On the first day, it wiped  out  83,000 people, including almost all the doctors and nurses in the city with tens of thousands injured. Within four months, an additional  80,000 died, bringing the total figure to 166,000.

The injured and those affected by radiation continued to die as a result of the bomb for another five  decades. The shocked Japanese reported that the bomb destroyed practically all living things in the city  which was picked for its heavy civilian population to instil fear in the ordinary Japanese.

Unfortunately, most  Americans not realising the gravity of the crime their government had committed, were ecstatic, prompting Truman to declare that unless the dazed Japanese surrender immediately,  they should “expect a rain of ruin from the air, the like of which  has never been seen on this earth”.

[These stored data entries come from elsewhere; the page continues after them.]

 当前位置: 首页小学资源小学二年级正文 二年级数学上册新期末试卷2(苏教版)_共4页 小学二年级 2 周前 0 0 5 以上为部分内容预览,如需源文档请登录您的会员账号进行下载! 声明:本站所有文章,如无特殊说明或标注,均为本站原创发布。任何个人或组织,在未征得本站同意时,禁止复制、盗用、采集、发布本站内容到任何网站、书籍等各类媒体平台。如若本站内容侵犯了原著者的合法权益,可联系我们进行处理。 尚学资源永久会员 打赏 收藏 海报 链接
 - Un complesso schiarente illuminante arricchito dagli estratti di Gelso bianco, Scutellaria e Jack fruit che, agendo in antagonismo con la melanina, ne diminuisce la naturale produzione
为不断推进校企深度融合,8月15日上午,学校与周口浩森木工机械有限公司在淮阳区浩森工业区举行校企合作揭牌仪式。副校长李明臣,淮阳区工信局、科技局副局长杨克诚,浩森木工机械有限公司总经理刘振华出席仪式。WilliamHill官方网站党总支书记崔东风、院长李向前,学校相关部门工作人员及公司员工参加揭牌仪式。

True to his words, on May 9, another American aircraft,  the Bockscar commanded by Major Charles W. Sweeny was on the way to drop the second atomic bomb called  the “Fat Man” .

The initial target was Kokura but visibility over it was poor, so the plane headed for Nagasaki, again this was cloudy, but as the aircraft made for a third target,  there was a last minute break  in the clouds over Nagasaki and the bomb was dropped. Luckily it was dropped in the  Urakami Valley and the hills  protected  a major part of the city.

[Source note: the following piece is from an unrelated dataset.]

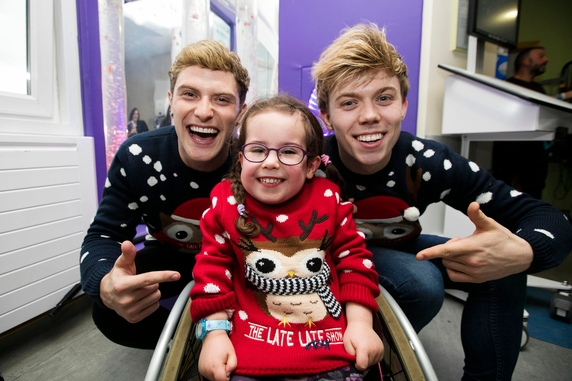 Irish boyband HomeTown dropped in to greet patients at the hospital and help model the Christmas jumpers which are on sale at Penneys stores nationwide or through the RTÉ website, with €2.00 for every sale going to Temple Street.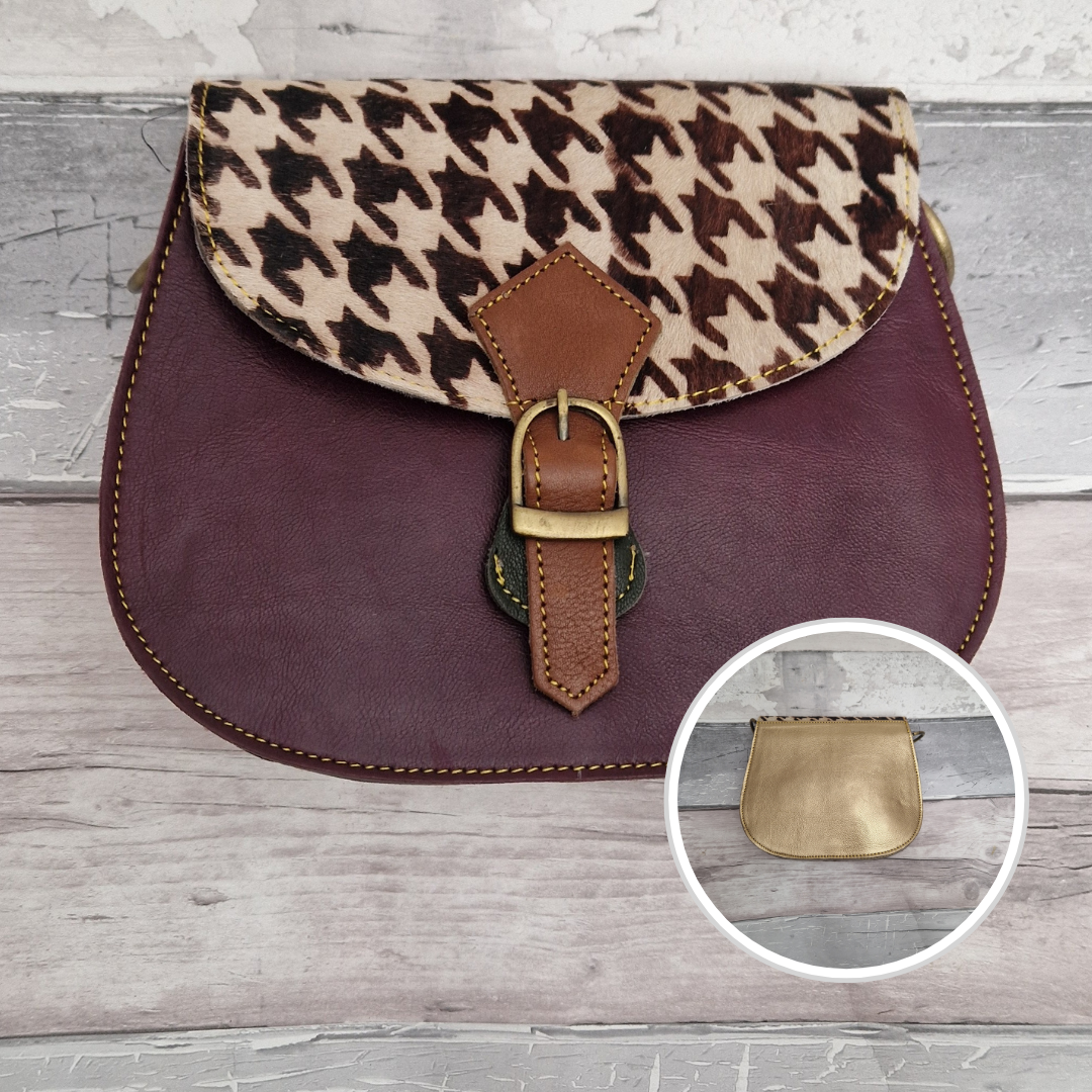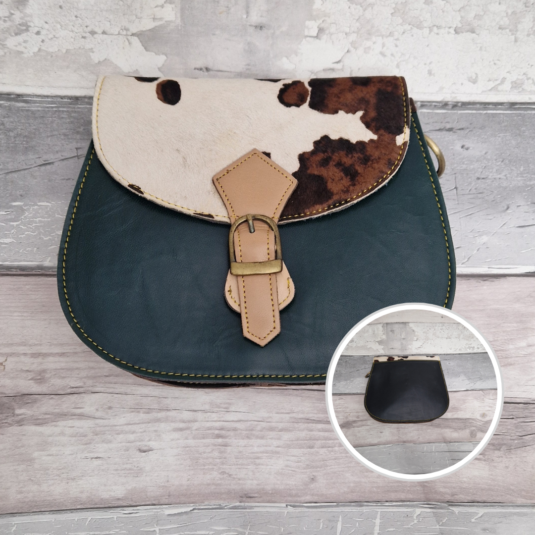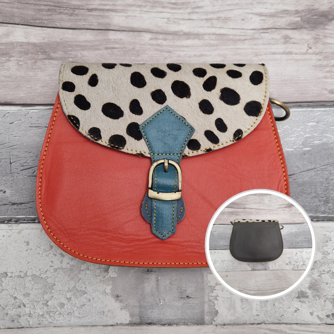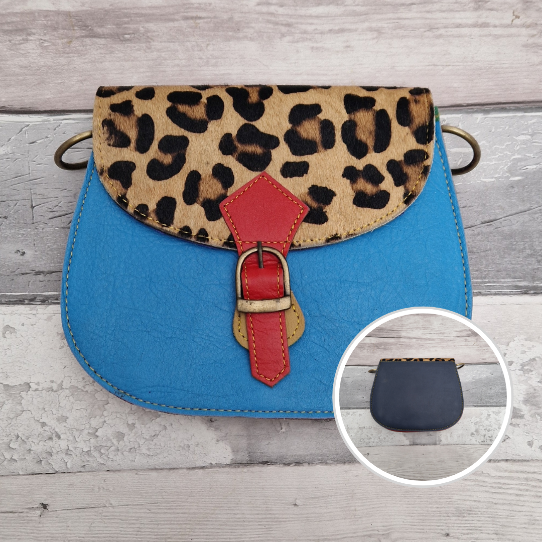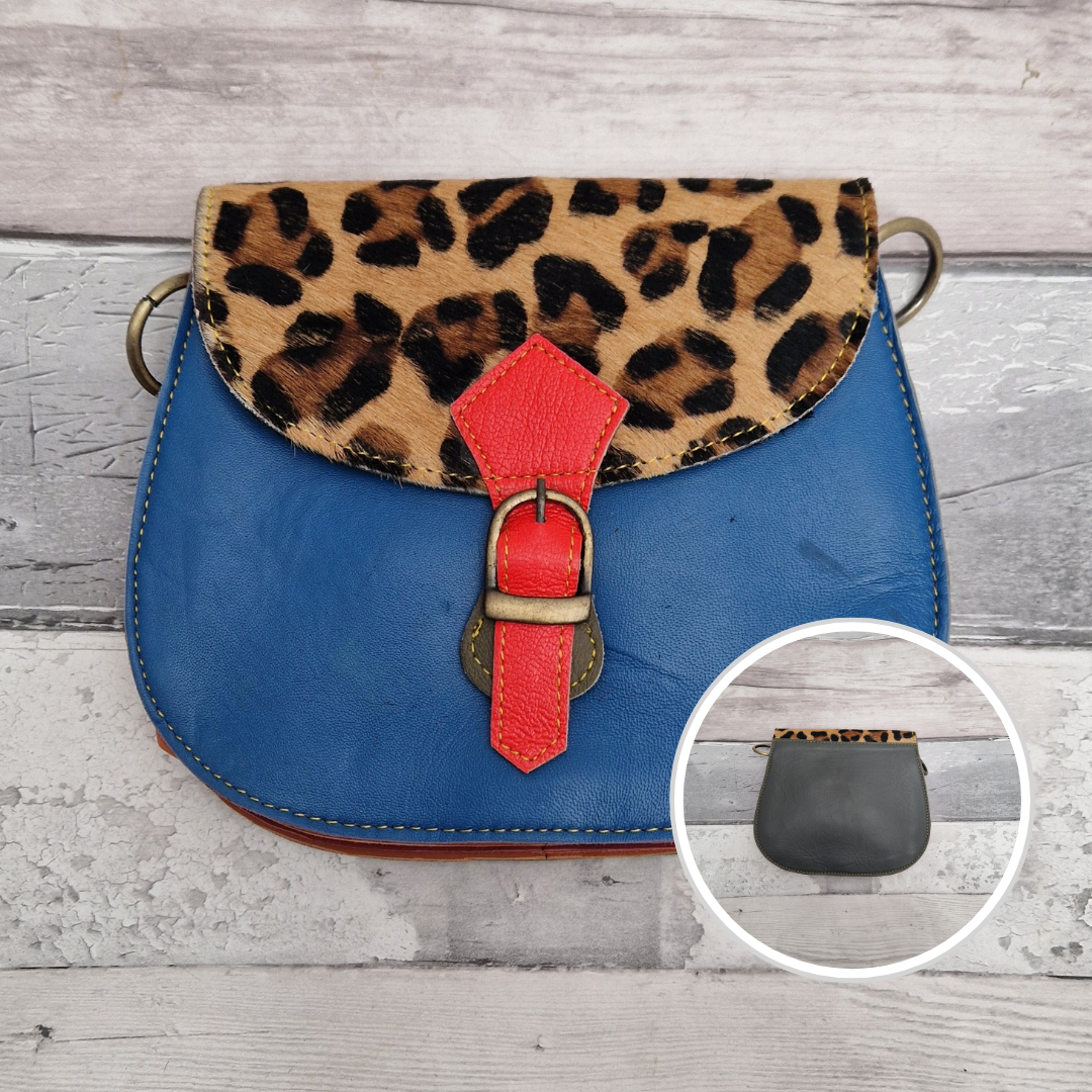 Keya - Leather Animal Print Crossbody Saddle Bag - ON SALE

Despite  this, about 75,000 persons were killed on that first day  with thousands more dying within the next four months. In a twist of fate, some survivors of the Hiroshima bombing  three days earlier who had found their way to Nagasaki  were again bombed.

On August 15, 1945  while lamenting the use of such unimaginable weapon of terror on the Japanese civil populace and announcing surrender, Emperor Hirohito, said if the US were given the excuse to continue using the atomic bomb, it would not  only lead to the “obliteration of the Japanese nation, but also  it would  lead to the total extinction of human civilization”.

Unfortunately, the American populace did not immediately realise the danger in terrorising civilian populations by dropping or threatening  to drop atomic bombs on them. They saw only power in their ability to exterminate, annihilate and obliterate other peoples. But gradually, they came to realise the crime against humanity  perpetrated by the Truman administration in the name of saving lives in the closing period of the war.

Humanity vowed that never again will  it allow such senseless wars.  But  it seemed that very few lessons were learnt, and rather than wind down such bombs that can lead to the mutual destruction of the world, the Americans  redoubled their efforts and began to produce deadlier bombs.   By 1985, they had 9,600 nuclear weapons.

The Soviet Union raced to produce its own atomic bomb to counter- balance the US terror. In 1949, it tested its first bomb and soon overtook the Americans in the nuclear bomb race so much that by 1985, it had 12,000 nuclear bombs.

The British with its fading super power status raced to  test its bomb in 1952 and by 1985 had 225 nuclear weapons. The French followed with its own test in 1960 and eventually produced 300 nuclear weapons while China tested its bomb in 1964 and went on to stockpile 240 nuclear bombs. India did its test in 1974 and produced some 70 bombs while its neighbour and political rival, Pakistan tested its bomb in 1998.

Israel which refuses to acknowledge that it has the bomb did its own test in  1979,  and has  a stockpile of 80 nuclear bombs.

South Africa is the only country in the world to  have disassembled its nuclear weapons, while America in proliferating  nuclear weapons has shared its arsenal with  Germany, Belgium, Turkey, Netherlands, Greece, Italy and Canada. North Korea and Iran are also on the march. Apparently, humanity  has simply made the world a place  for  Mutually Assured Destruction (MAD).